# To do
Only the lines below from the one that holds "C’era una piccola" through the one that holds "Our Mediterranean-inspired fouta" should appear in the answer, copied exactly, end lines included and pictures omitted.

------ Data excerpts

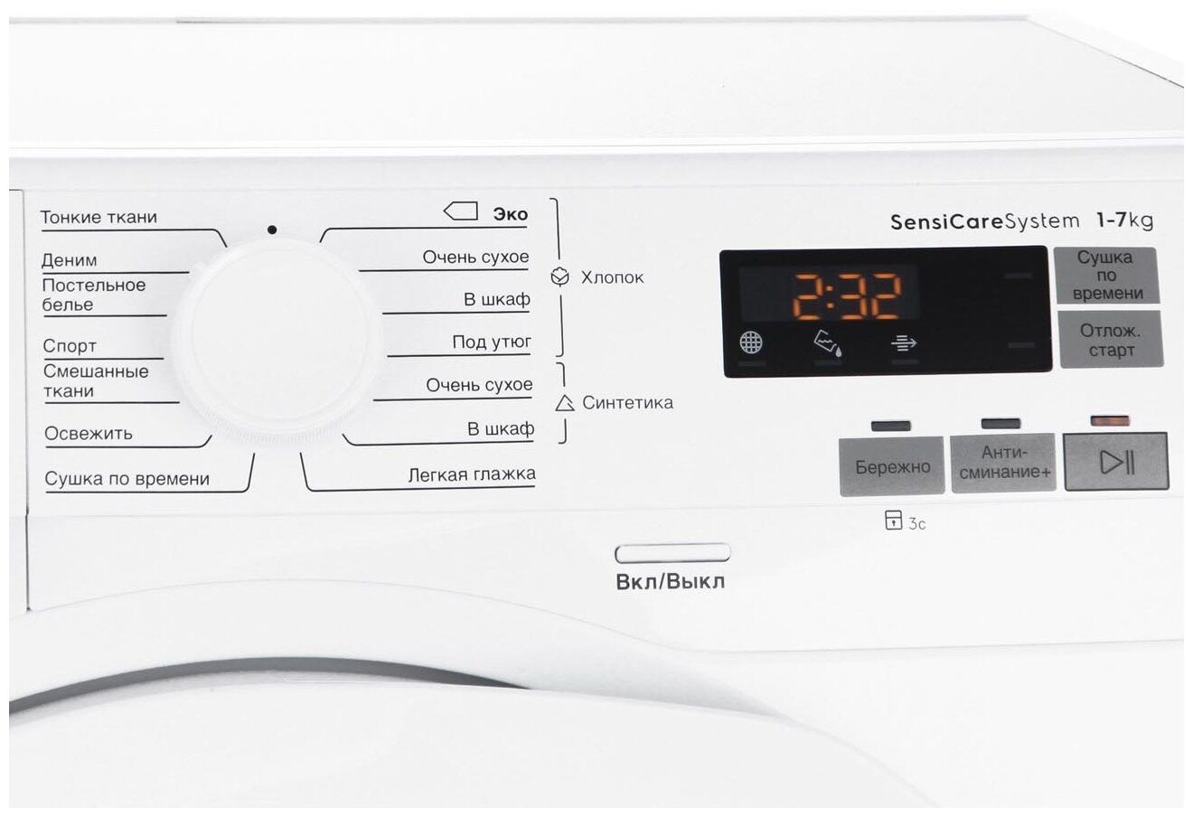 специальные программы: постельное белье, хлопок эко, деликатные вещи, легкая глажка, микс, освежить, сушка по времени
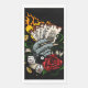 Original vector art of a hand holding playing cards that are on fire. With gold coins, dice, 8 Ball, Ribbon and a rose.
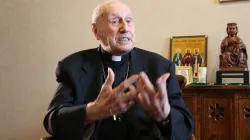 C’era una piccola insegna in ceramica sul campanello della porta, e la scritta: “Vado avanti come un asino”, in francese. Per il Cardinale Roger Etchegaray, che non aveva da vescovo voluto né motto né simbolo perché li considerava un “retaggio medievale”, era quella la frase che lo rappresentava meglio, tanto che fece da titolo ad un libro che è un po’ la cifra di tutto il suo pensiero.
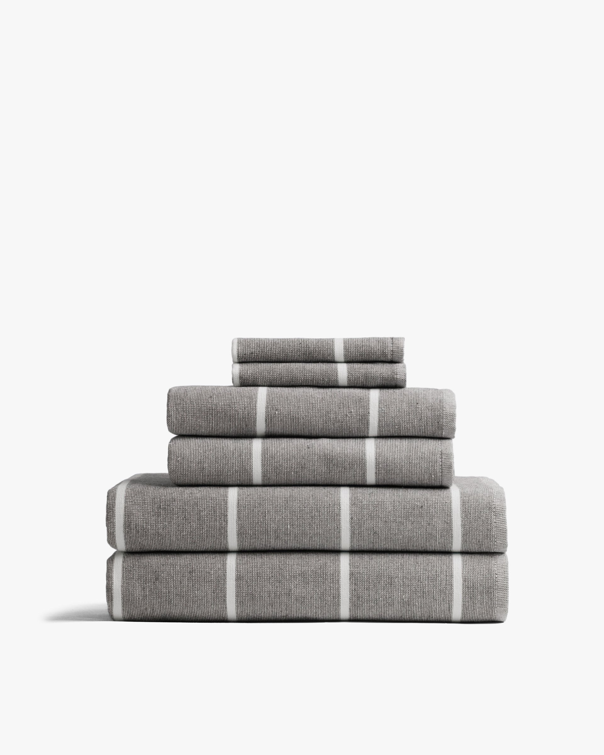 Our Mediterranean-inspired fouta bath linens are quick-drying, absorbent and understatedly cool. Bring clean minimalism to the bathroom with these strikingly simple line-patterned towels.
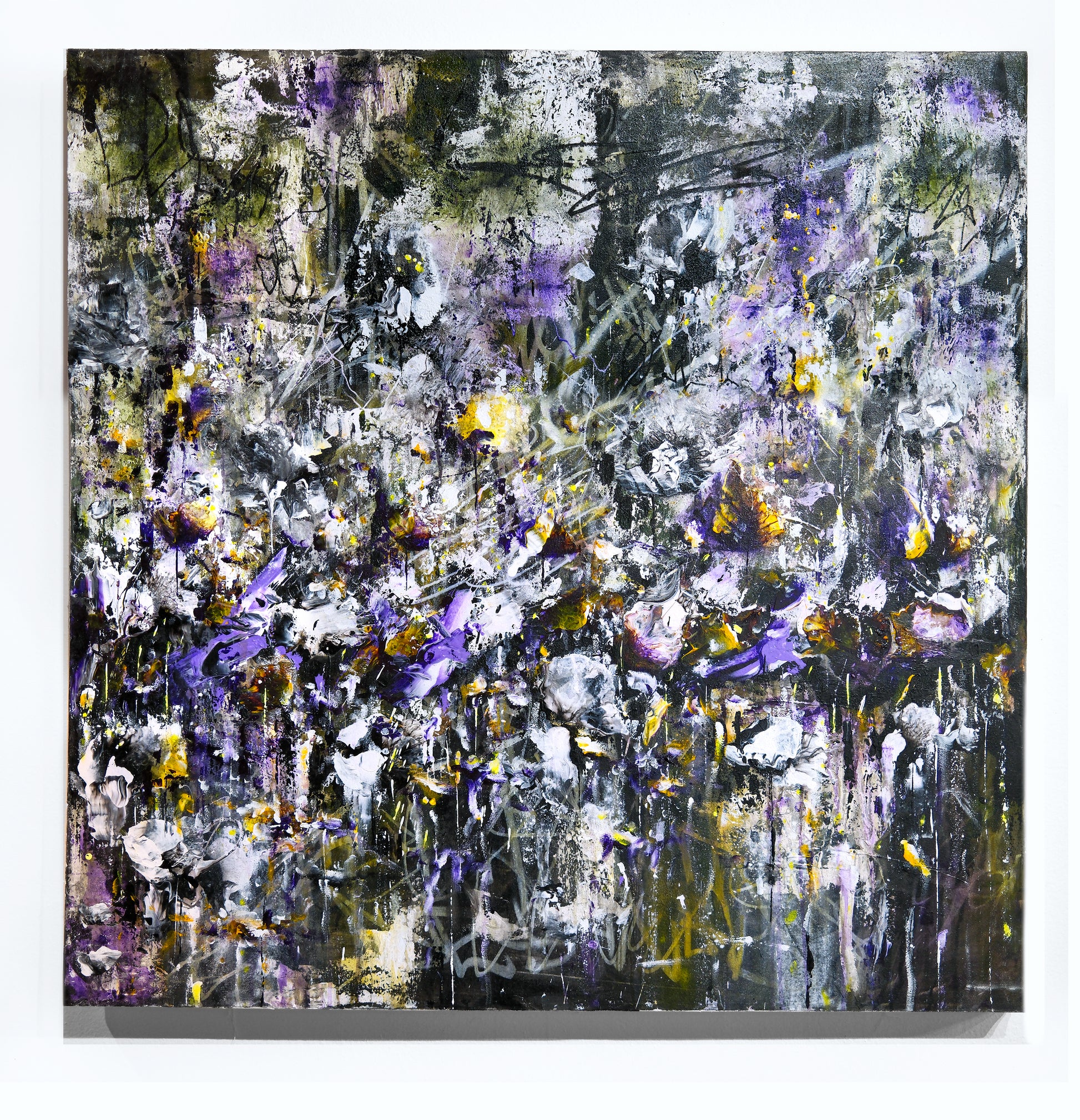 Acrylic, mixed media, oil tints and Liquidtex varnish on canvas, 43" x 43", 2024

------------

# Task answer
 C’era una piccola insegna in ceramica sul campanello della porta, e la scritta: “Vado avanti come un asino”, in francese. Per il Cardinale Roger Etchegaray, che non aveva da vescovo voluto né motto né simbolo perché li considerava un “retaggio medievale”, era quella la frase che lo rappresentava meglio, tanto che fece da titolo ad un libro che è un po’ la cifra di tutto il suo pensiero.
 Our Mediterranean-inspired fouta bath linens are quick-drying, absorbent and understatedly cool. Bring clean minimalism to the bathroom with these strikingly simple line-patterned towels.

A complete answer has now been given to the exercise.